However, we perceive no similar reason here to limit the ordinary rule that a producer
may choose its own distributors. (Albrecht v. Herald Co. (1968) 390 U.S. 145, 150,
overruled on other grounds by State Oil Co. v. Khan (1997) 522 U.S. 3.) Freeman's
complaint did not allege that acting as a service center is so essential to her business that she
cannot compete as a real estate agent unless she is appointed as a service center. In Palsson,
the court examined whether the association could limit admission to only those agents who
were primarily engaged in the business of selling real estate. Palsson observed at page 938
that:
"The 'primarily engaged' rule is sometimes justified on the grounds that the board has the right
to choose its own members. It has never been the law in California that a voluntary
association may be forced to open its membership rolls to all who apply. On the other hand,
when membership in an association is a practical economic necessity, judicial review is
available to examine bases for exclusion from membership. [Citations.] In the case at bar, . .
. membership in the Marin County Board of Realtors must be termed a practical economic
necessity for real estate salesmen.

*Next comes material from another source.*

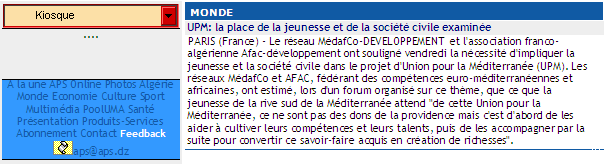 APS, 6 Juin 2008 Forum AFAC-MédafCo-DÉVELOPPEMENT"Union Pour la Méditérranée"

As noted above, without membership in the board, a
salesman is denied employment with 75 percent of the residential real estate brokers in the
county and a subsequent reasonable opportunity to earn a livelihood in real estate. The
economic benefits of membership mandate that exclusion be subject to judicial review." (Fn.
omitted.)

Palsson's rationale demonstrates the inapplicability of the denial of access cases to
Freeman's group boycott claim. These cases do not stand for the proposition that Sandicor
must appoint as service centers whomever applies or confront antitrust liability under a group
boycott theory. Unlike the denial of access cases, there is no similar practical economic
necessity that Freeman act as a service center. Because Freeman cites no pertinent authority
that an antitrust group boycott claim arises whenever a producer refuses to grant a new
franchise to an applicant, we conclude Freeman's group boycott claim was properly rejected.
D. Excessive Prices Do Not Violate Antitrust Laws
Freeman's final antitrust claim contends that because Sandicor's monthly fee for access to
the MLS is more than some brokers can afford, Sandicor has violated the antitrust laws by
pricing these brokers out of the market and thereby unreasonably restrained trade by limiting
the pool of competing brokers.
Freeman's contention is based on the Palsson language that an MLS may not exclude
nonmembers from its service but may charge nonmembers "a reasonable fee for use of the
service consistent with the per-capita costs of operation." (Palsson, supra, 16 Cal.3d at p.
940.) Although the courts have recognized this language was dicta (see Feldman v.
Sacramento Board of Realtors, supra, 119 Cal.App.3d at p. 747), Freeman argues Palsson
and its progeny have imposed judicial price controls on the fees that an MLS may charge.
From this premise, Freeman argues she has pleaded a claim for antitrust violations by alleging
that the amounts charged by Sandicor are unreasonable and operate to restrain competition.
We evaluate Freeman's argument by first defining what is not at issue. First, Freeman's
excessive price argument must be evaluated as asserting an antitrust violation based on the
unilateral pricing decisions of Sandicor for its county-wide MLS service; we have already
rejected her claim of a price-fixing combination among competitors that resulted in excessive
prices. Second, Freeman's excessive price argument does not assert discriminatory pricing,
but instead admits that all users are charged the same price. Finally, Freeman's excessive
price argument does not suggest Sandicor cannot charge some amount for its service, but
only alleges that the price actually charged is unreasonable because it is excessive.
The law is clear that unilateral pricing decisions do not violate section 1 of the Sherman
Act. (Alaska Airlines, Inc. v. United Airlines, Inc., supra, 948 F.2d 536, 541 [unilateral
price charged for access to computerized reservations systems (CRS) does not offend
section 1's ban on "combinations"; pricing evaluated under Sherman Act section 2
"monopolization" provisions].) Furthermore, section 2 of the Sherman Act is not violated
merely because the holder of a monopoly charges high prices. The Alaska Airlines court,
rejecting an antitrust claim that alleged an operator of a CRS was extracting excessive prices
for access to its service, observed at pages 548-549:
"The Sherman Act also has not been interpreted to penalize natural monopolies. A firm that
creates a valued service or product should not be punished with treble damages and criminal
sanctions merely because the firm finds itself to be the holder of a natural monopoly.
[Citation.] Government regulation, as opposed to treble damages and criminal liability under
the Sherman Act, is generally thought to be the appropriate remedy for the difficulties posed
by natural monopolies. [Citation.] '[J]udicial oversight of pricing policies would place the
courts in a role akin to that of a public regulatory commission. We would be wise to decline
that function unless Congress clearly bestows it upon us.' [Quoting Berkey Photo v. Eastman
Kodak Company (2d Cir. 1979) 603 F.2d 263, 294].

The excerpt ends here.